Here, we fix all of the skewed data to be more normal so that our models will be more accurate when making predictions.

In [None]:
# We use the numpy fuction log1p which  applies log(1+x) to all elements of the column
target_log = np.log1p(train["Price"])

#Check the new distribution 
sns.distplot(target_log, fit=norm);

# Get the fitted parameters used by the function
(mu, sigma) = norm.fit(train['Price'])
print( '\n mu = {:.2f} and sigma = {:.2f}\n'.format(mu, sigma))
plt.legend(['Normal dist. ($\mu=$ {:.2f} and $\sigma=$ {:.2f} )'.format(mu, sigma)],
            loc='best')
plt.ylabel('Frequency')
plt.title('Price distribution')

fig = plt.figure()
res = stats.probplot(target_log, plot=plt)
plt.show()

y_train = train.Price.values

print("Skewness: %f" % target_log.skew())
print("Kurtosis: %f" % target_log.kurt())

In [None]:
train_set = all_data[:ntrain]
test_set = all_data[ntrain:]

## 6. Modeling and Predictions

### CatBoost

In [None]:
# Creation of the RMSE metric:
    
def rmse(y, y_pred):
    return np.sqrt(mean_squared_error(y, y_pred))

def cv_rmse(model):
    rmse = np.sqrt(-cross_val_score(model, train_set, target_log, scoring="neg_mean_squared_error", cv=kf))
    return (rmse)

In [None]:
# Train-Test split the data

X_train,X_val,y_train,y_val = train_test_split(train_set, target_log, test_size = 0.2, random_state=42)

# Cat Boost Regressor

cat = CatBoostRegressor()
cat_model = cat.fit(X_train,y_train, eval_set = (X_val,y_val), plot=True, verbose = 0)

In [None]:
cat_pred = cat_model.predict(X_val)
cat_score = rmse(y_val, cat_pred)
cat_score

In [None]:
# Preforming a Random Grid Search to find the best combination of parameters

grid = {'iterations': [1000,6000],
        'learning_rate': [0.05, 0.005, 0.0005],
        'depth': [4, 6, 10],
        'l2_leaf_reg': [1, 3, 5, 9]}

final_model = CatBoostRegressor()
randomized_search_result = final_model.randomized_search(grid,
                                                   X = X_train,
                                                   y= y_train,
                                                   verbose = False,
                                                   plot=True)

In [None]:
# Final Cat-Boost Regressor

params = {'iterations': 6000,
          'learning_rate': 0.005,
          'depth': 4,
          'l2_leaf_reg': 1,
          'eval_metric':'RMSE',
          'early_stopping_rounds': 200,
          'verbose': 200,
          'random_seed': 42}
         
cat_f = CatBoostRegressor(**params)
cat_model_f = cat_f.fit(X_train,y_train,
                     eval_set = (X_val,y_val),
                     plot=True,
                     verbose = False)

catf_pred = cat_model_f.predict(X_val)
catf_score = rmse(y_val, catf_pred)

In [None]:
catf_score

### XGBRegressor

In [None]:
import xgboost as xgb
from sklearn.model_selection import train_test_split

x_train, x_valid, y_train, y_valid = train_test_split(train_set, target_log, test_size=0.2, random_state=42)

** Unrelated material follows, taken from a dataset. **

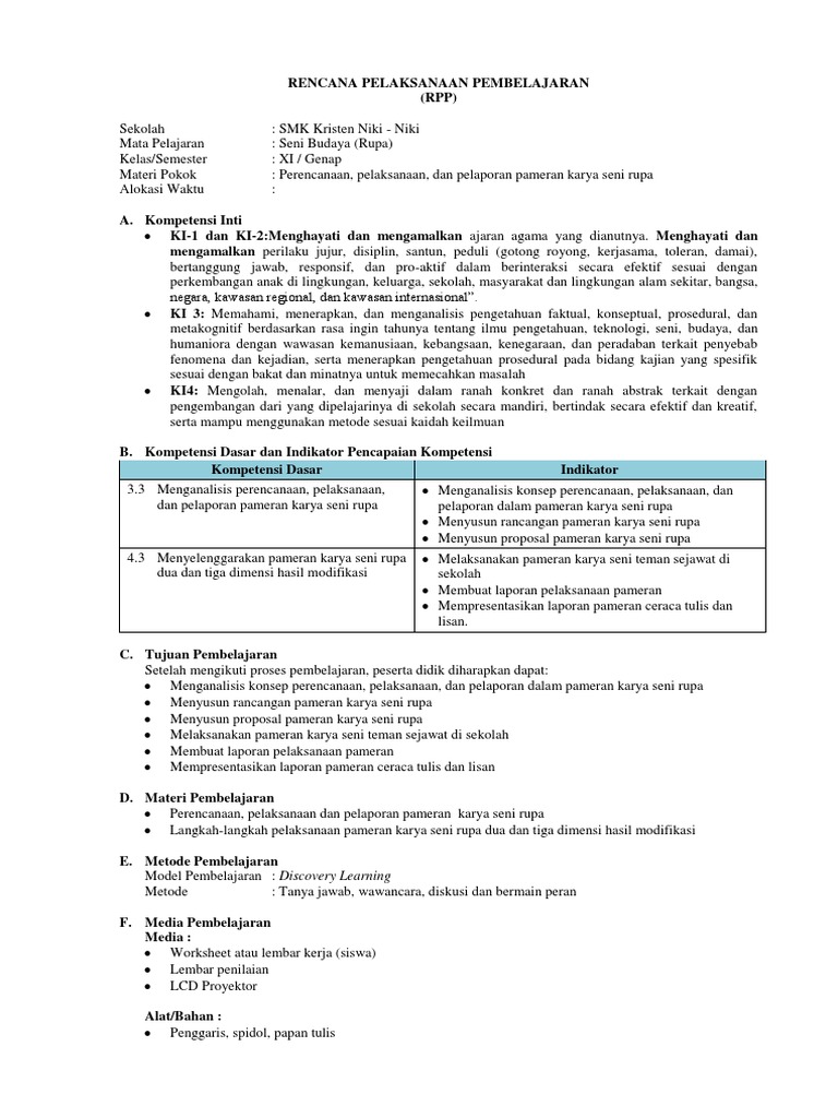 DOC) RPP SENI BUDAYA KELAS XI K 13 | Marlia Bakti - Academia.edu

# sc = MinMaxScaler(feature_range=(-1, 1))
# x_train = sc.fit_transform(x_train)
# x_valid = sc.fit_transform(x_valid)

d_train = xgb.DMatrix(x_train, label=y_train)
d_valid = xgb.DMatrix(x_valid, label=y_valid)
d_test = xgb.DMatrix(test_set)



params = {
        'objective':'reg:linear',
#         'n_estimators': 50,
        'booster':'gbtree',
        'max_depth':2,
        'eval_metric':'rmse',
        'learning_rate':0.1, 
        'min_child_weight':1,
        'subsample':0.80,
        'colsample_bytree':0.81,
        'seed':45,
        'reg_alpha':1,#1e-03,
        'reg_lambda':0,
        'gamma':0,
        'nthread':-1

}


watchlist = [(d_train, 'train'), (d_valid, 'valid')]

clf = xgb.train(params, d_train, 2000,  watchlist, early_stopping_rounds=300, maximize=False, verbose_eval=10)

p_test = clf.predict(d_test)

In [None]:
from sklearn.preprocessing import StandardScaler
scalar = StandardScaler()
X_train = scalar.fit_transform(train_set)
X_test = scalar.transform(test_set)

In [None]:
import xgboost
clf = xgboost.XGBRegressor()
clf.fit(X_train, target_log)

In [None]:
y_pred = clf.predict(X_test)

### Submission

In [None]:
sub = pd.DataFrame()
sub['Id'] = test_ID
sub['Price'] = np.expm1(y_pred)
sub.to_csv('submission.csv',index=False)

In [None]:
sub.head()